§ Brief
The expected output is an exact copy of the lines from the one containing "Москва. 24 января." to the final line below, minus any pictures.

(Stored data entries)
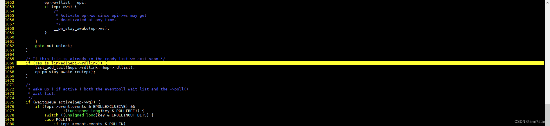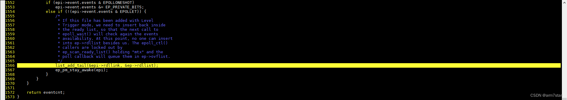 1554行检查是否是边沿触发EPOLLET,如果不是边沿触发,就执行if里面的代码,调用list_add_tail将epitem再次加入到就绪链表里面,也就是水平触发模式,epoll_wait获取到就绪事件之后并不会将就绪事件删除,用户程序获取到就绪事件之后,不管是接受所有连接还是接受部分连接,listen的socket还是"可读"的。
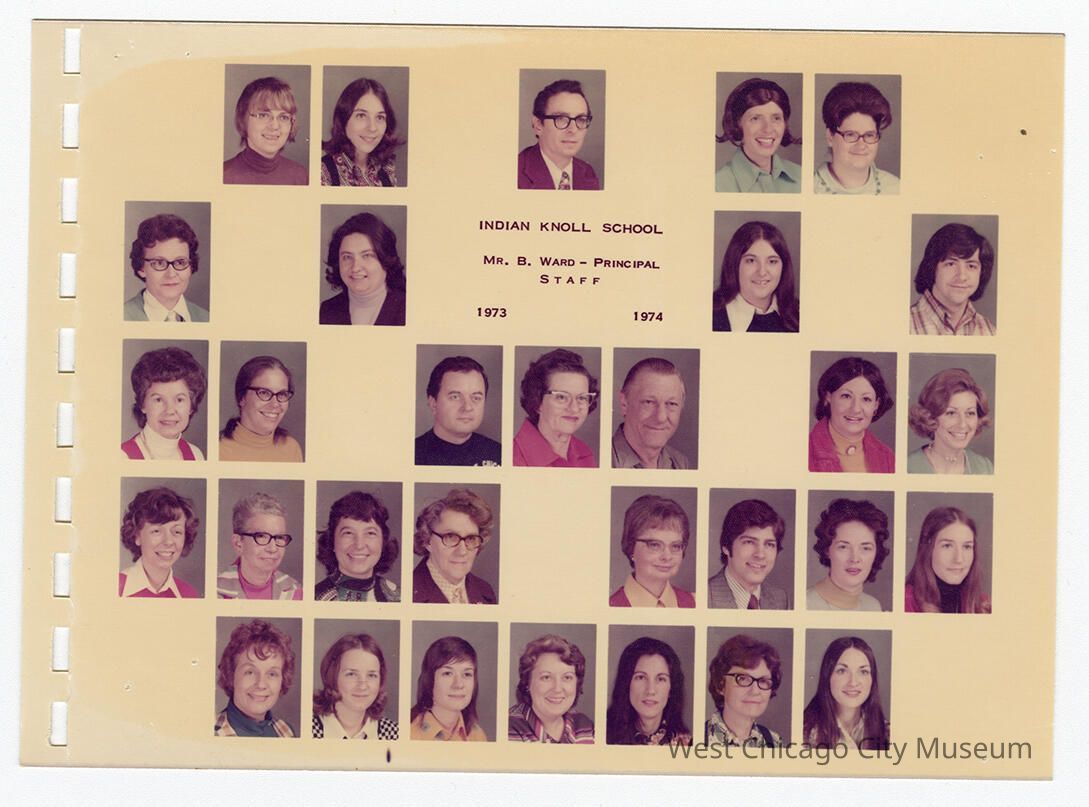 Class photo collage, color, reads "Indian Knoll School B. Ward, Principal, STAFF 1973-1974". 31 individual photos laid out in 5 rows; Blair Ward is center on the top row. Left side of the photo has perforations for a comb binding.
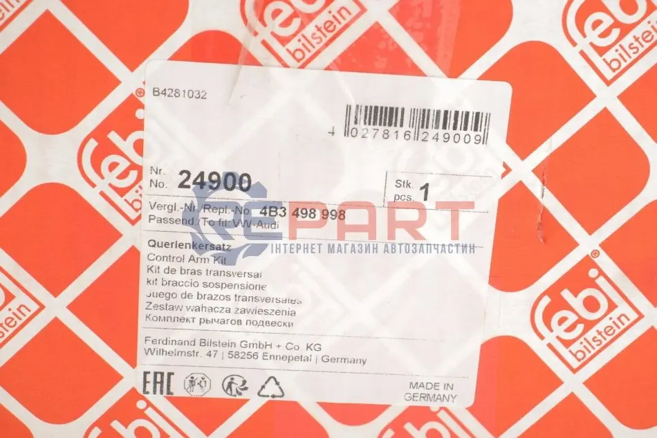 Всі запасні деталі від виробника FEBI мають якість, підтверджене сертифікатами системи TUV відповідно до вимоги стандартів ISO 9002. Тому кожна деталь має довгострокову гарантію. Асортимент запасних частин компанії-виробника FEBI повністю покриває потребу таких автомобільних брендів, як BMW, RENAULT, OPEL, VW, ALFA ROMEO, VOLVO, MERCEDES, AUDI, PEUGEOT, FIAT, Mikra, Note, Almera, Primera, X-Trail, Murano, QASHQAI, Infiniti.
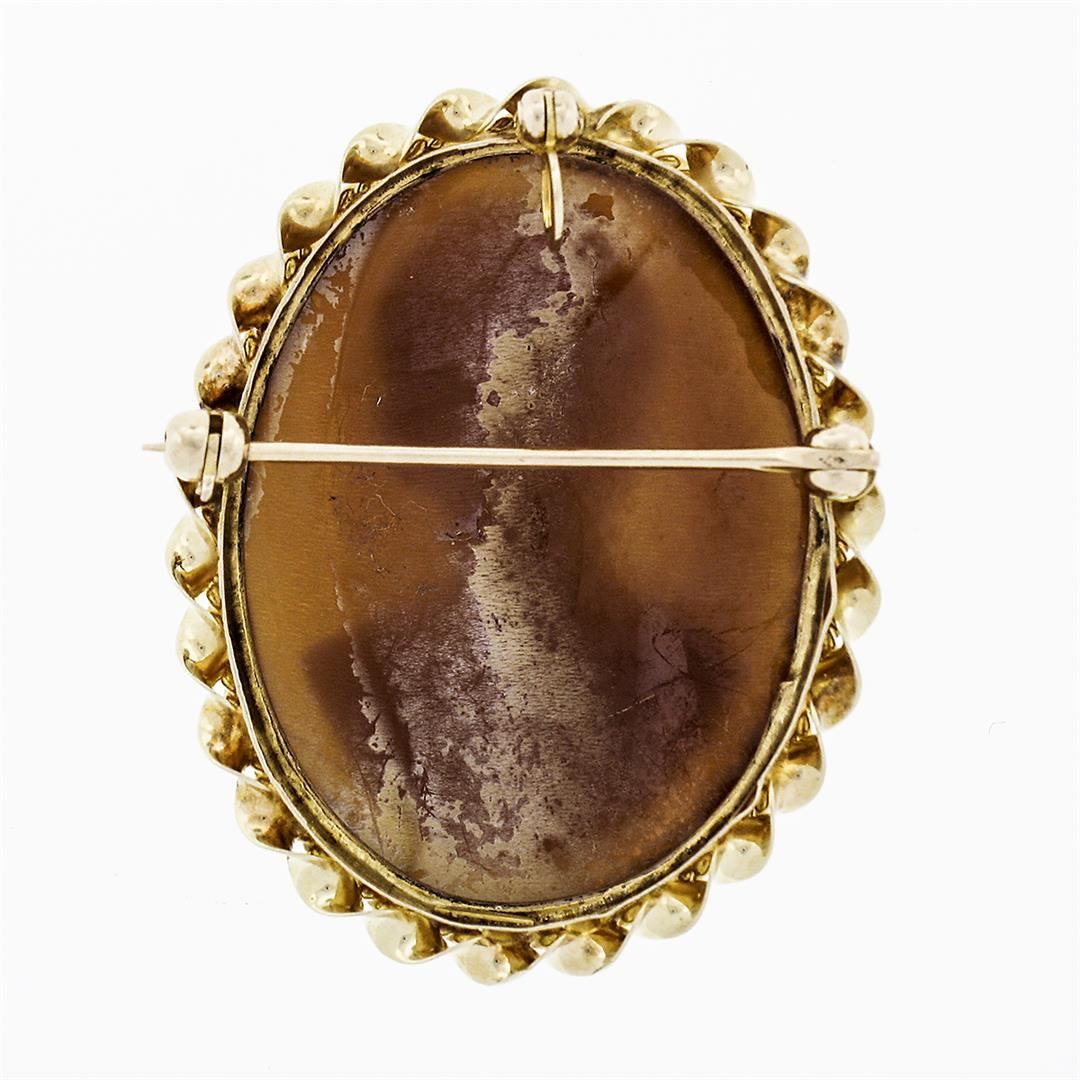 A vintage solid 14k yellow gold pendant pin brooch, with 1 oval cut carved shell cameo (29.5x22mm). Measures 35x27.5mm and weighs a total of 7.93 grams.
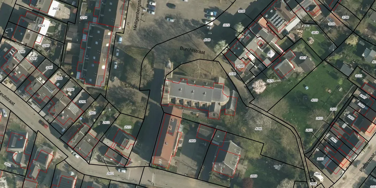 Het perceel waarop Burchtstraat 2-b staat heeft een oppervlakte van 1653 m². Dit is een zeer groot perceel. De perceeloppervlakte wordt geregistreerd door het Kadaster. Gedetailleerde informatie over de maten van dit perceel kunt u vinden in het rapport Kadastrale kaart met maatvoering van Burchtstraat 2-b.
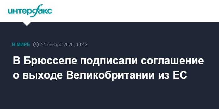 Москва. 24 января. INTERFAX.RU - Председатель Европейского совета Шарль Мишель и председатель Европейской комиссии Урсула фон дер Ляйен подписали в Брюсселе соглашение о выходе Великобритании из Европейского союза.
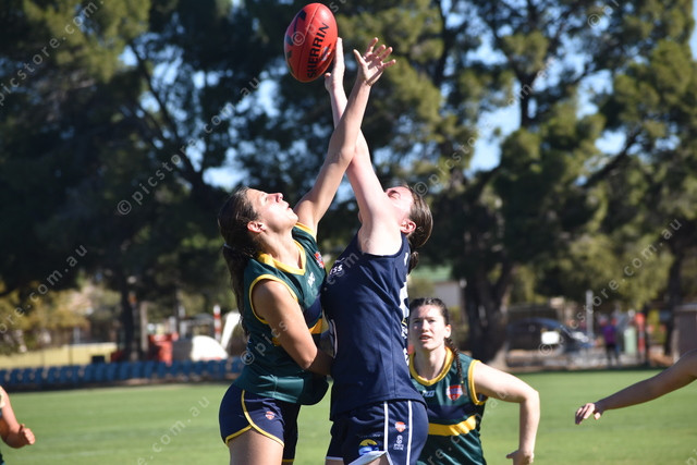Southern Districts’ Olivia Walker-Obushak wins the tap against Central’s Ilinca Ariana Barbu. (489824)
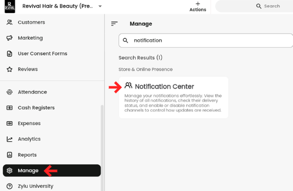 - Go to Manage -> Notification Center
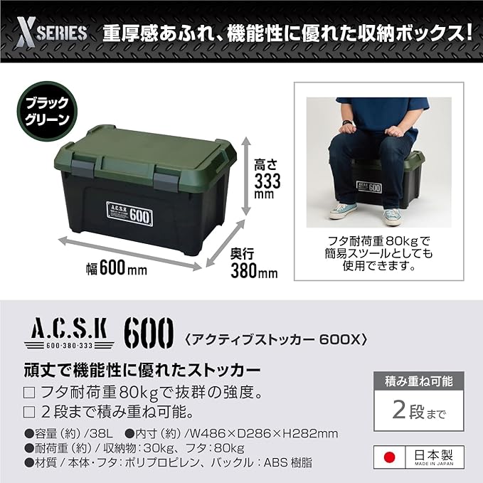 耐荷重が80kg(フタ)と非常に頑丈な作りとなっており、踏み台や椅子としても使用できる。
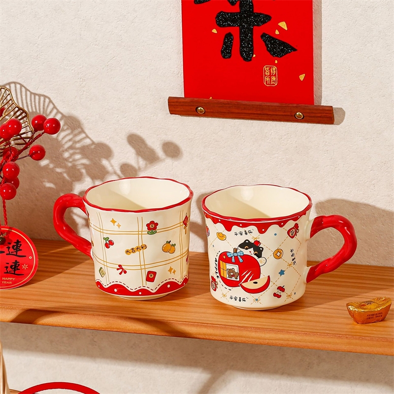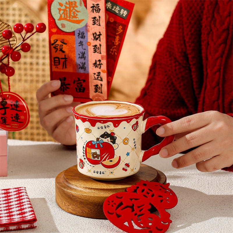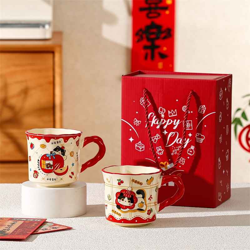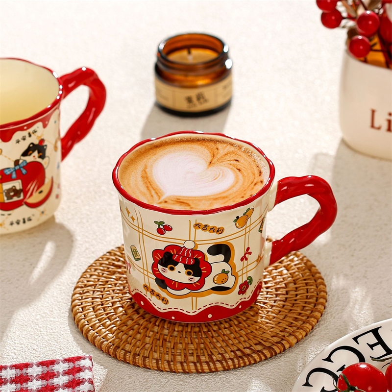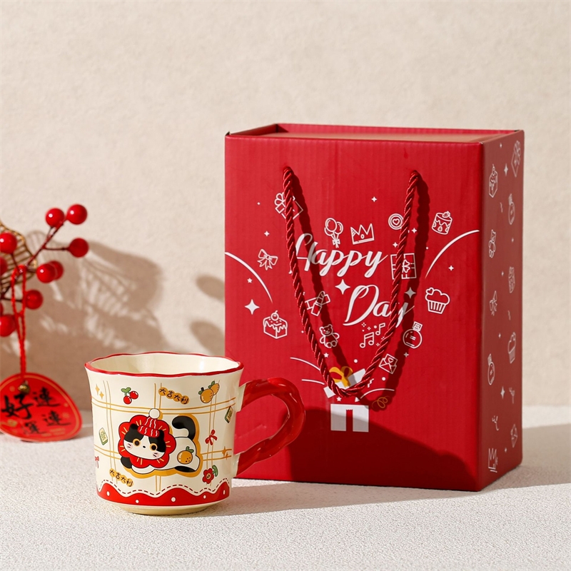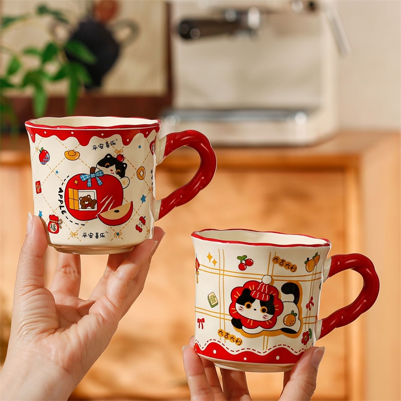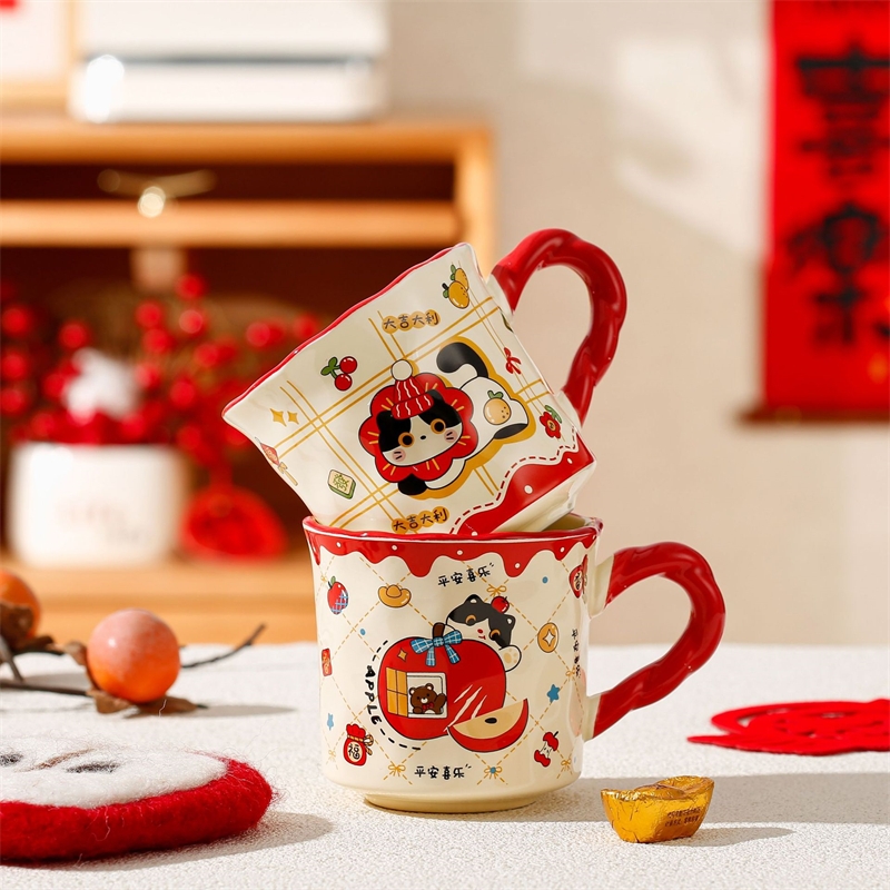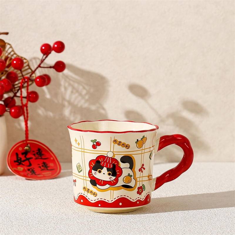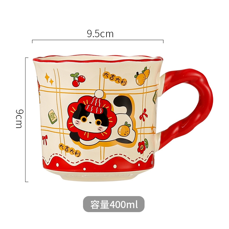 喜庆福气猫咪陶瓷杯400ml8827-3B

§ Task answer
 Москва. 24 января. INTERFAX.RU - Председатель Европейского совета Шарль Мишель и председатель Европейской комиссии Урсула фон дер Ляйен подписали в Брюсселе соглашение о выходе Великобритании из Европейского союза.
Southern Districts’ Olivia Walker-Obushak wins the tap against Central’s Ilinca Ariana Barbu. (489824)
 - Go to Manage -> Notification Center
 耐荷重が80kg(フタ)と非常に頑丈な作りとなっており、踏み台や椅子としても使用できる。
 喜庆福气猫咪陶瓷杯400ml8827-3B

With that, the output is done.